Could you copy the records below exactly, keeping none of the images?

(Records drawn from a dataset)
——————————
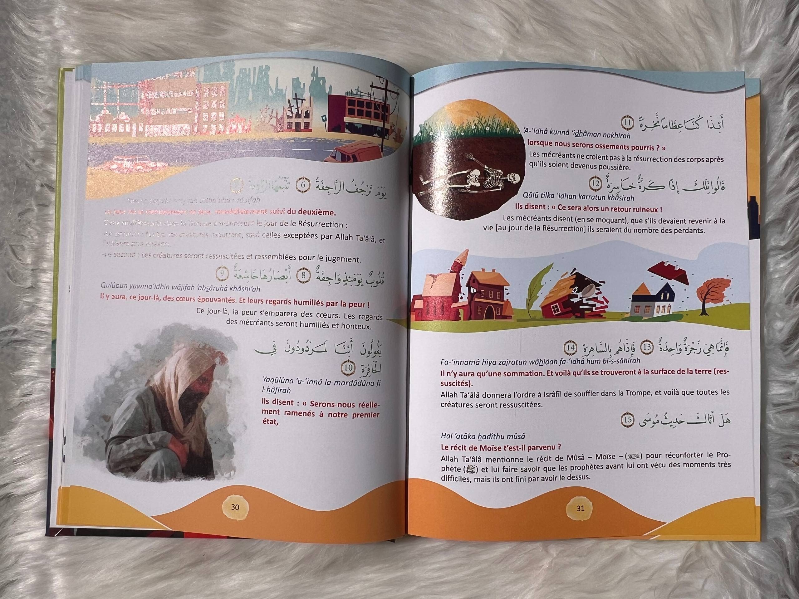 Le coran expliqué aux débutants Chapitre AMMA Tome 1 : Juz’ ‘Amma est le dernier chapitre du Coran. Il compte 37 sourates qui sont pour la plupart courtes. L’objet essentiel de ce chapitre c’est la foi. Dieu y rappelle les piliers de la foi : Croire en Dieu, en Ses anges, en Ses Livres, en Ses Messagers, au Jour de la Résurrection, et au destin. Dieu évoque aussi Sa puissance, les merveilles de Sa création, notamment la création de l’homme. Il décrit également l’aspect éphémère de ce monde, la nécessité de croire en Lui et de suivre le chemin de l’Islam pour jouir de la paix dans cette vie et d’accéder au Paradis dans l’au-delà pour y vivre éternellement.
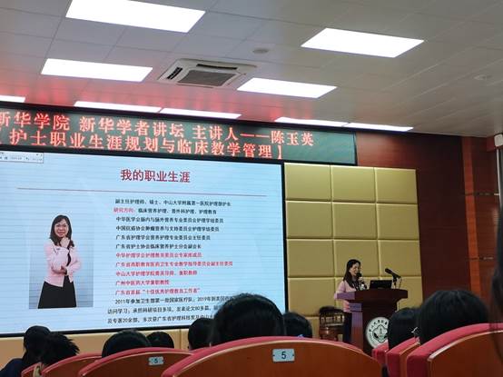 2020年10月26日上午,中山大学永利集团3044欢迎你于教学楼D101举行以“护士职业生涯规划与临床实习教学管理”为主题的学者讲坛。此次活动邀请了中山大学附属第一医院(以下简称“中山一院”)护理部区护长、副主任护师陈玉英作为此次学者讲坛的主讲嘉宾,永利集团3044欢迎你副院长黄洛莹担任主持人,永利集团3044欢迎你执行院长王秀岚携办公室主任周玲、辅导员梁家翠等老师,及2018级护理学专业全体同学到场。
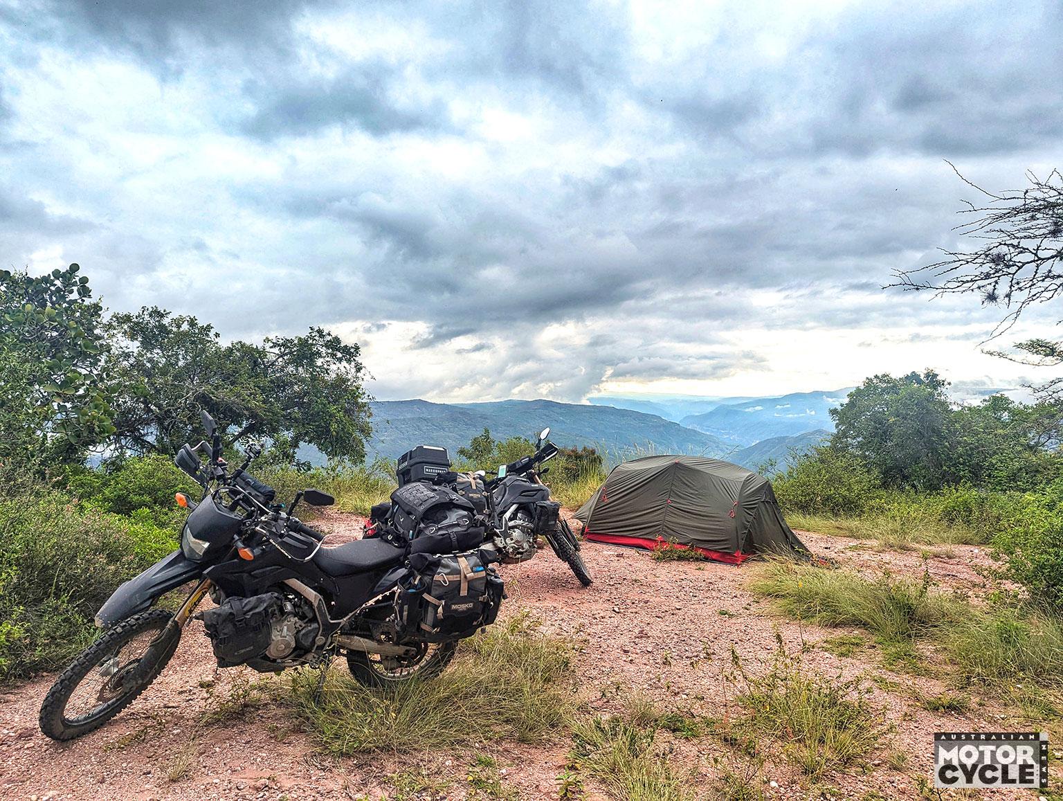 We turn a corner to find our track washed away with a thin slice of mud on the edge of a cliff to ride over. I just about make it and then hear Alissa scream behind me. Her back tyre slips and the bike starts to fall. Somehow, she manages to hang on and save it before they both go. We take our helmets off, our faces caked in a paste of dirt and sweat and look at each other. We haven’t been this tired since Siberia six years ago. But it’s funny how you keep going in these situations – until one of you nearly falls off a cliff, and only then it’s “maybe we should stop now?” We’re not going to make it out before dark and make the call to camp…
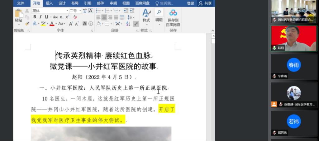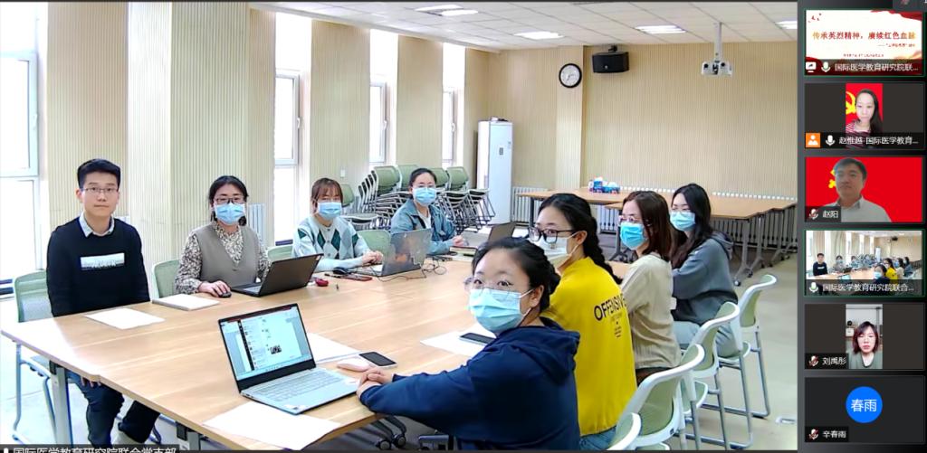 清明时节,折菊以寄缅怀之情。正值疫情防控工作的关键阶段。为深入传承弘扬英烈事迹和精神,缅怀革命先烈的丰功伟绩,在师生群体中营造学习、缅怀、致敬英烈的良好风尚。2022年4月5日,国际医学教育研究院组织全体研究生及部分教师开展以“传承英烈精神 赓续红色血脉”为主题的“云端祭英烈”活动。
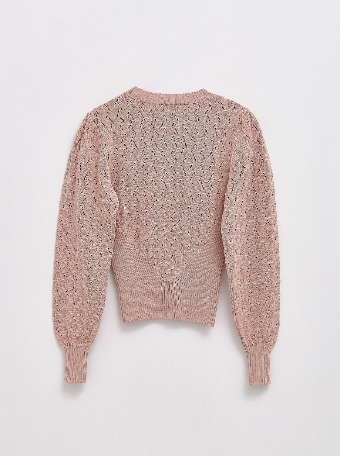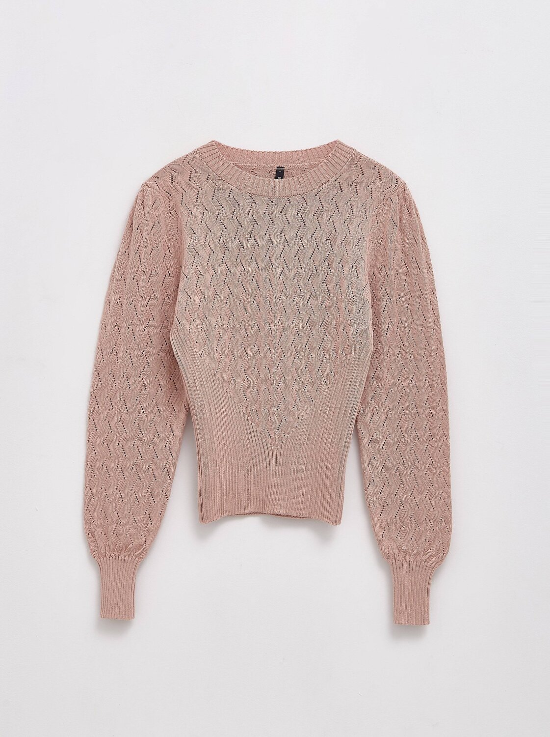 Джемпер с ажурным узором из пряжи с хлопком – это комфортная модель для индивидуальных повседневных образов.
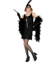 Das schwarze Charleston Kleid besticht durch seine elegante Kombination aus schwarzen Fransen. Der gerade Schnitt und die fließenden Materialien sorgen für eine perfekte Passform und höchsten Tragekomfort. Das schwarze Federstirnband ergänzt das Kleid ideal und setzt zusätzliche Akzente. Es ist aus einem elastischen Material gefertigt und passt sich angenehm an den Kopf an, während es zugleich für einen stilvollen Look sorgen. Es verleiht Ihrem Look eine romantische Note und hält Ihre Frisur den ganzen Abend lang in Form.
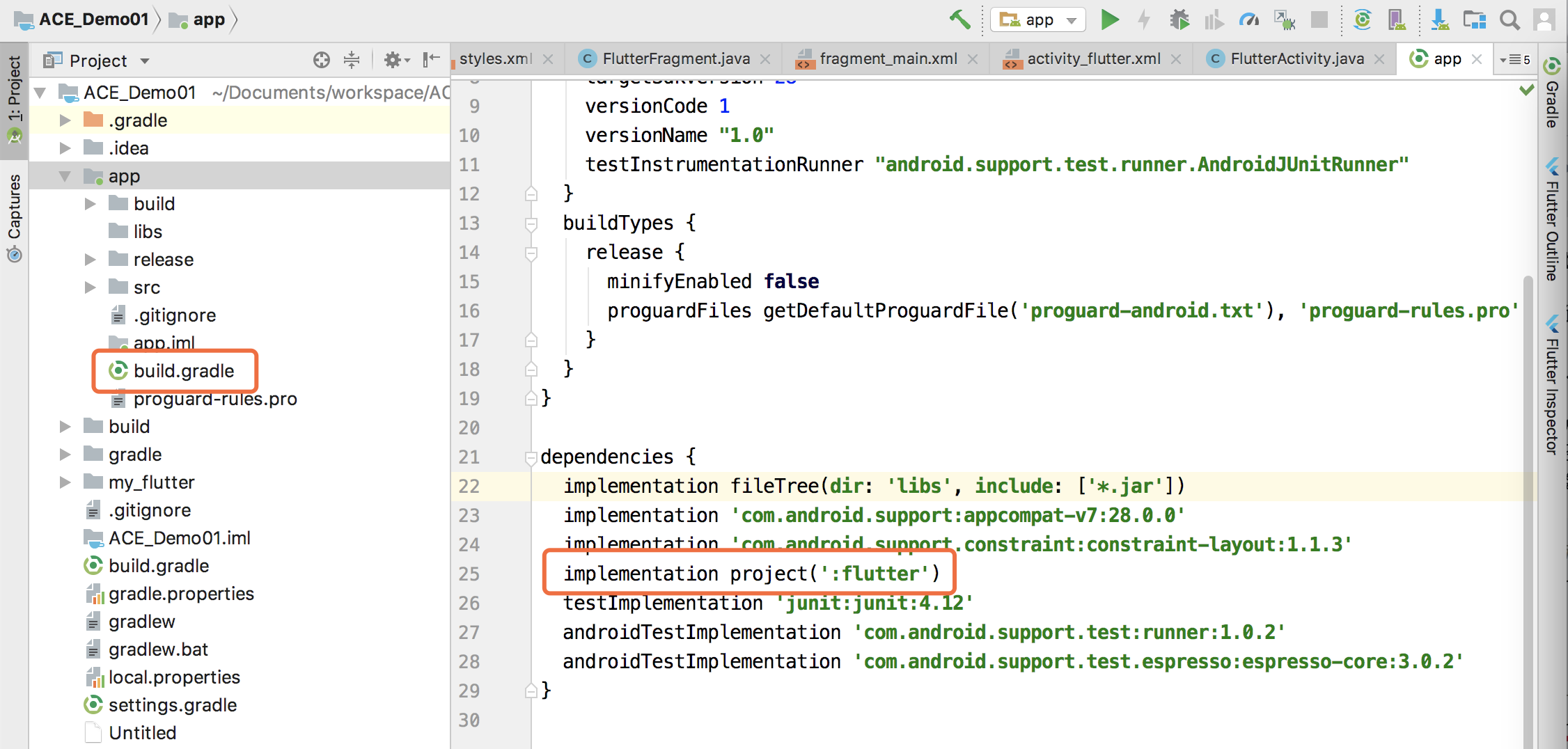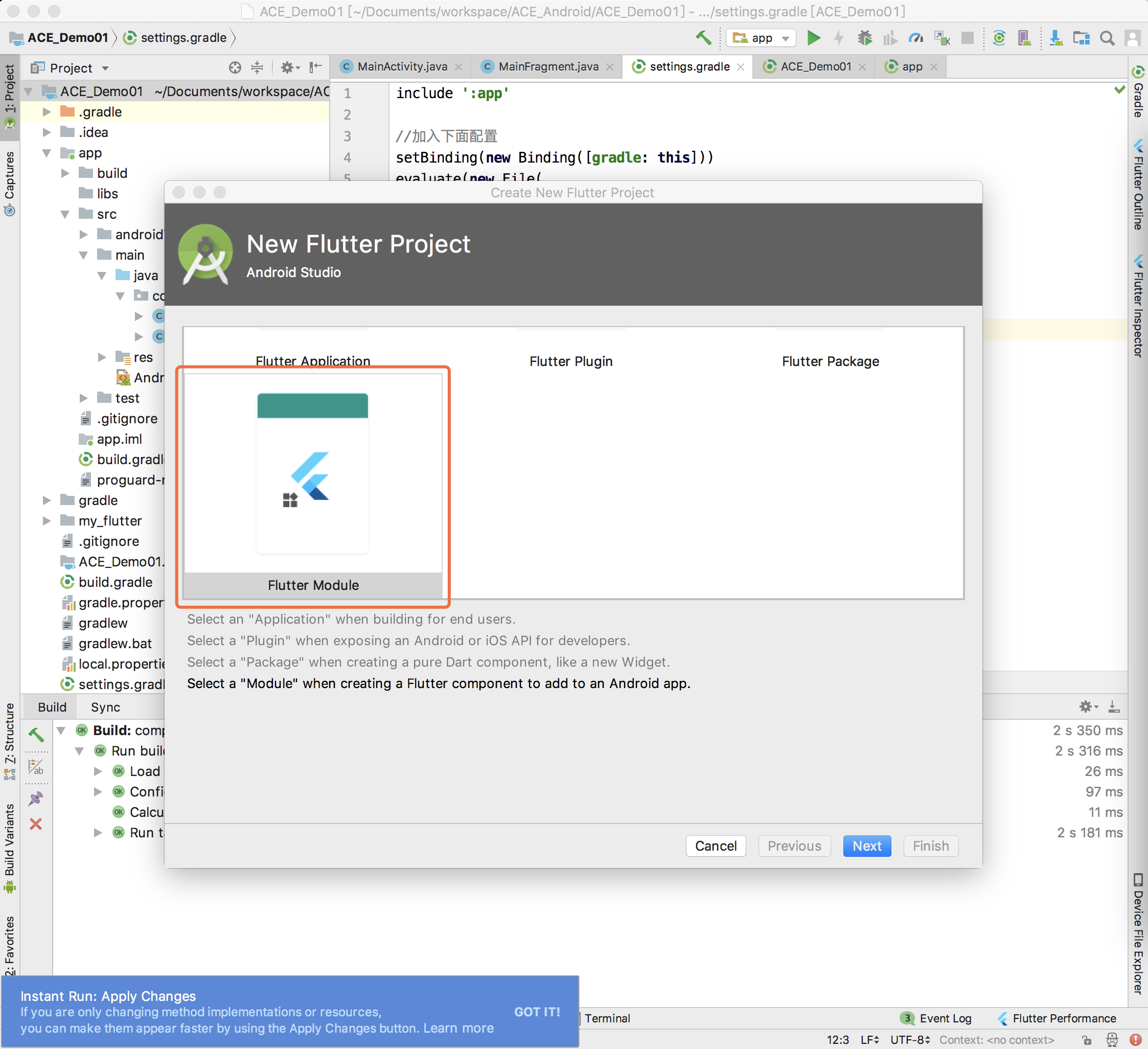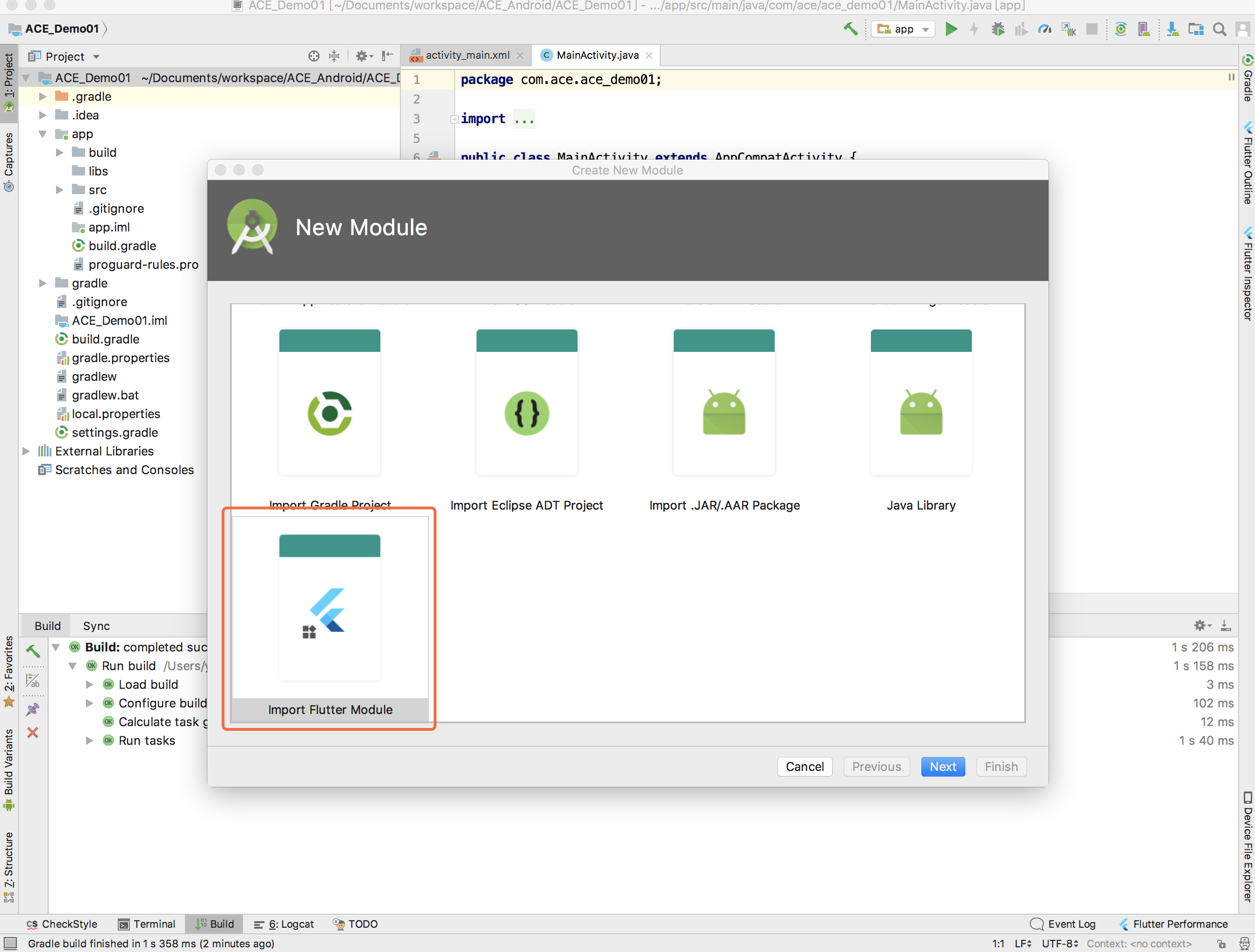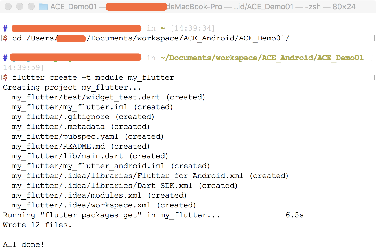 小菜首先采用如下命令行新建一个 Flutter Module,此时本地路径为 …/ACE_Android 与 ACE_Demo01 同级;
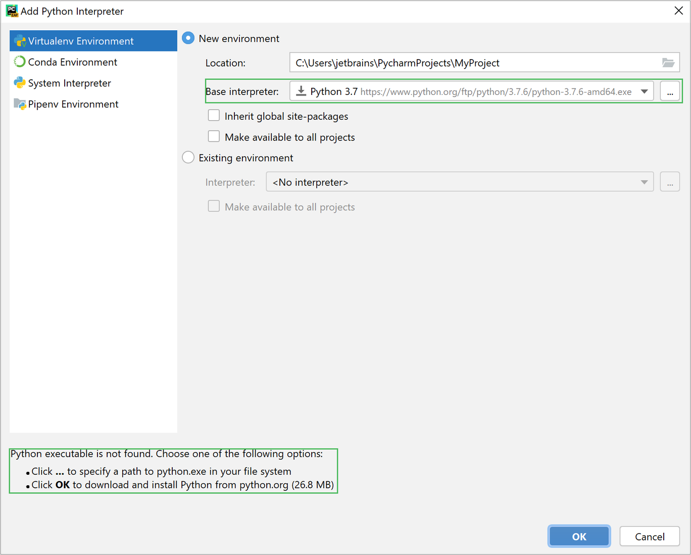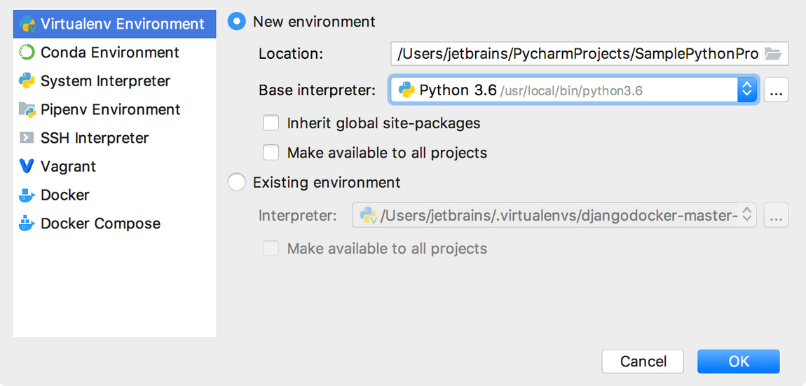 Поставьте вторую галочку Make available to all projects, если хотите, чтобы ваше новое виртуальное окружение можно было использовать в других проектах (рекомендуем не ставить).
——————————
[Exercise solution]:
 Le coran expliqué aux débutants Chapitre AMMA Tome 1 : Juz’ ‘Amma est le dernier chapitre du Coran. Il compte 37 sourates qui sont pour la plupart courtes. L’objet essentiel de ce chapitre c’est la foi. Dieu y rappelle les piliers de la foi : Croire en Dieu, en Ses anges, en Ses Livres, en Ses Messagers, au Jour de la Résurrection, et au destin. Dieu évoque aussi Sa puissance, les merveilles de Sa création, notamment la création de l’homme. Il décrit également l’aspect éphémère de ce monde, la nécessité de croire en Lui et de suivre le chemin de l’Islam pour jouir de la paix dans cette vie et d’accéder au Paradis dans l’au-delà pour y vivre éternellement.
 2020年10月26日上午,中山大学永利集团3044欢迎你于教学楼D101举行以“护士职业生涯规划与临床实习教学管理”为主题的学者讲坛。此次活动邀请了中山大学附属第一医院(以下简称“中山一院”)护理部区护长、副主任护师陈玉英作为此次学者讲坛的主讲嘉宾,永利集团3044欢迎你副院长黄洛莹担任主持人,永利集团3044欢迎你执行院长王秀岚携办公室主任周玲、辅导员梁家翠等老师,及2018级护理学专业全体同学到场。
 We turn a corner to find our track washed away with a thin slice of mud on the edge of a cliff to ride over. I just about make it and then hear Alissa scream behind me. Her back tyre slips and the bike starts to fall. Somehow, she manages to hang on and save it before they both go. We take our helmets off, our faces caked in a paste of dirt and sweat and look at each other. We haven’t been this tired since Siberia six years ago. But it’s funny how you keep going in these situations – until one of you nearly falls off a cliff, and only then it’s “maybe we should stop now?” We’re not going to make it out before dark and make the call to camp…
 清明时节,折菊以寄缅怀之情。正值疫情防控工作的关键阶段。为深入传承弘扬英烈事迹和精神,缅怀革命先烈的丰功伟绩,在师生群体中营造学习、缅怀、致敬英烈的良好风尚。2022年4月5日,国际医学教育研究院组织全体研究生及部分教师开展以“传承英烈精神 赓续红色血脉”为主题的“云端祭英烈”活动。
 Джемпер с ажурным узором из пряжи с хлопком – это комфортная модель для индивидуальных повседневных образов.
 Das schwarze Charleston Kleid besticht durch seine elegante Kombination aus schwarzen Fransen. Der gerade Schnitt und die fließenden Materialien sorgen für eine perfekte Passform und höchsten Tragekomfort. Das schwarze Federstirnband ergänzt das Kleid ideal und setzt zusätzliche Akzente. Es ist aus einem elastischen Material gefertigt und passt sich angenehm an den Kopf an, während es zugleich für einen stilvollen Look sorgen. Es verleiht Ihrem Look eine romantische Note und hält Ihre Frisur den ganzen Abend lang in Form.
 小菜首先采用如下命令行新建一个 Flutter Module,此时本地路径为 …/ACE_Android 与 ACE_Demo01 同级;
 Поставьте вторую галочку Make available to all projects, если хотите, чтобы ваше новое виртуальное окружение можно было использовать в других проектах (рекомендуем не ставить).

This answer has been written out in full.